Task instructions: Pictures aside, repeat the whole listing word for word.

The data:
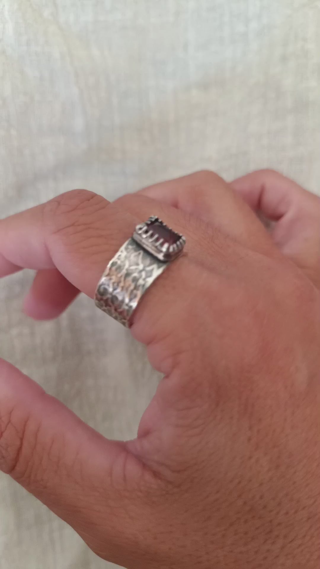 Anillo ajustable de plata con granate intenso y detalles texturizados en la banda. Su diseño cálido y elegante lo convierte en una pieza versátil, perfecta para destacar con estilo y sofisticación en cualquier ocasión.
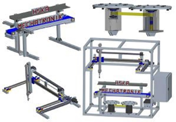 For presentation purposes, letters are milled into the objects. The writing by the “HSKA Mechatronics” course can therefore be displayed on the delivery plate and the conveyor belt.
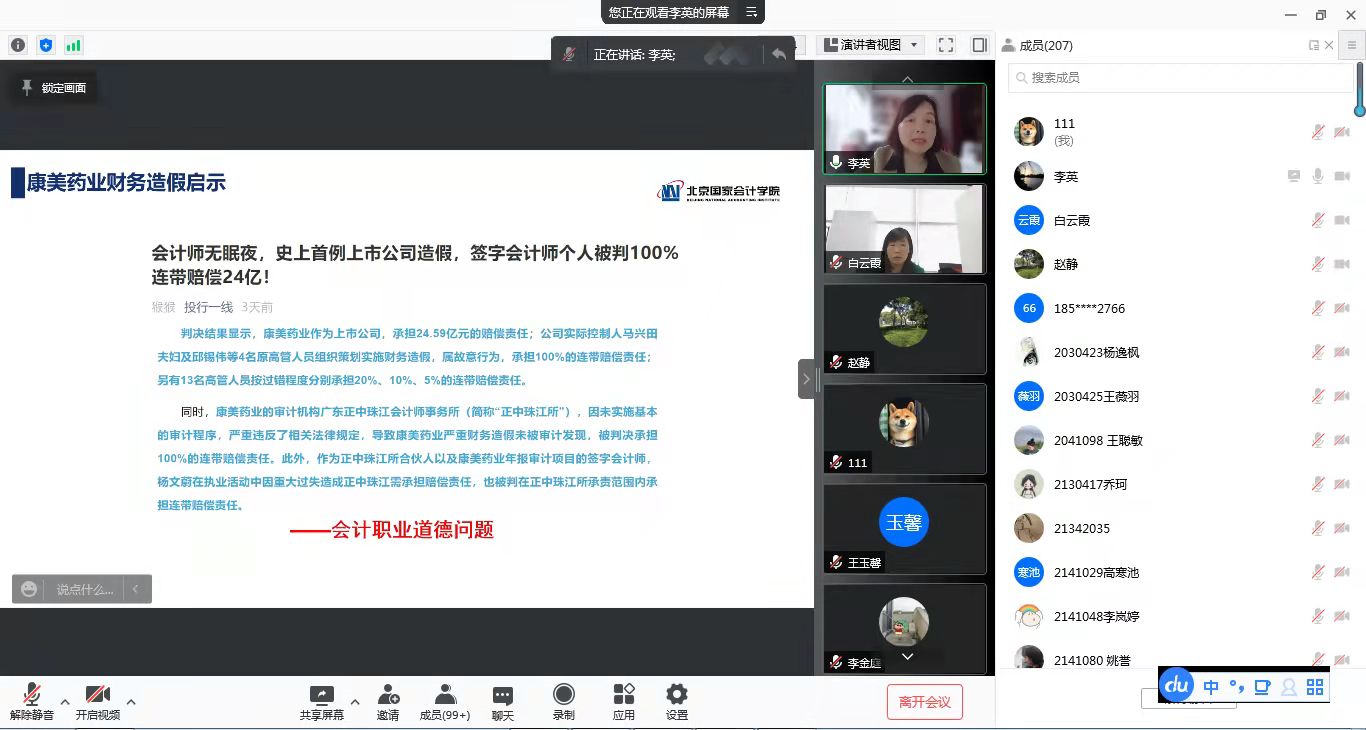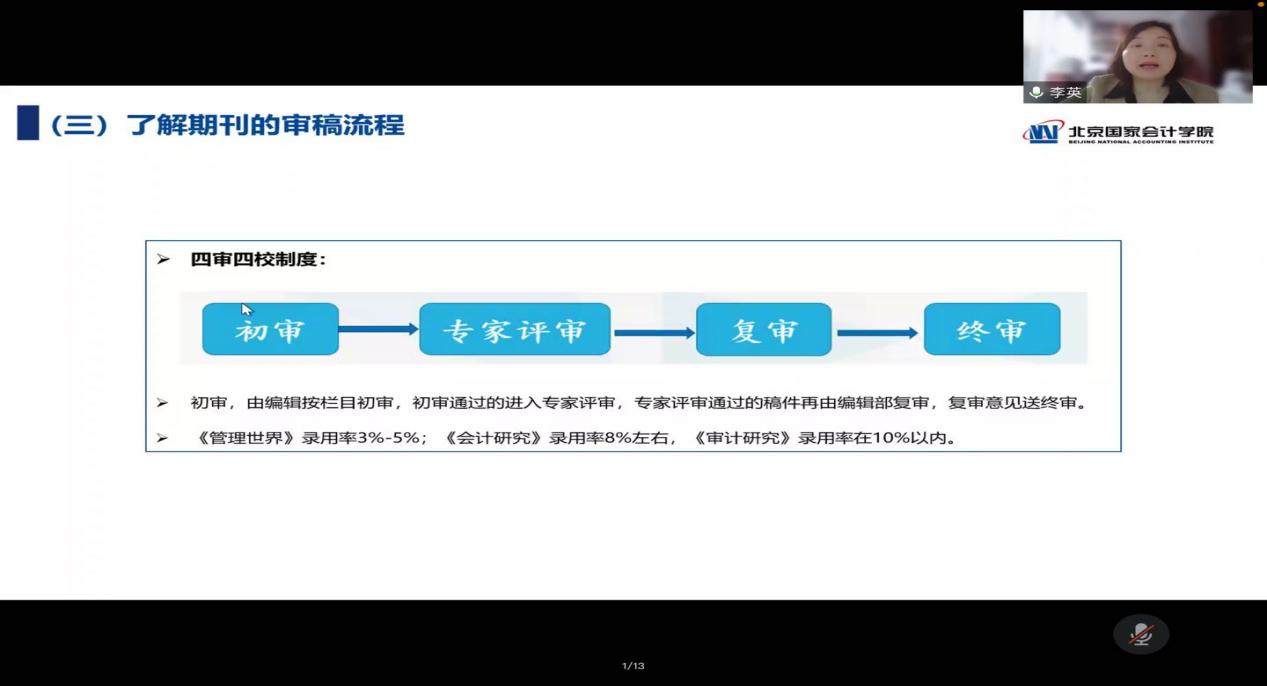 11月16日下午,北京國家會計學院副教授、碩士研究生導師李英通過騰訊會議面向同濟大學經濟與管理學院學生和我院研究生開展了一場主題為“會計理論創新”的學術講座。本次講座是財會審智能化推進聯盟單位之間的優質講座資源共享,學院研究生在線聆聽了這場講座。本次講座內容圍繞會計理論研究時代背景、基礎科學進步與會計理論創新、會計理論和方法體系的反思、選題設計和提高投稿命中率的技巧五個方面展開。

Result of this task:
 Anillo ajustable de plata con granate intenso y detalles texturizados en la banda. Su diseño cálido y elegante lo convierte en una pieza versátil, perfecta para destacar con estilo y sofisticación en cualquier ocasión.
 For presentation purposes, letters are milled into the objects. The writing by the “HSKA Mechatronics” course can therefore be displayed on the delivery plate and the conveyor belt.
 11月16日下午,北京國家會計學院副教授、碩士研究生導師李英通過騰訊會議面向同濟大學經濟與管理學院學生和我院研究生開展了一場主題為“會計理論創新”的學術講座。本次講座是財會審智能化推進聯盟單位之間的優質講座資源共享,學院研究生在線聆聽了這場講座。本次講座內容圍繞會計理論研究時代背景、基礎科學進步與會計理論創新、會計理論和方法體系的反思、選題設計和提高投稿命中率的技巧五個方面展開。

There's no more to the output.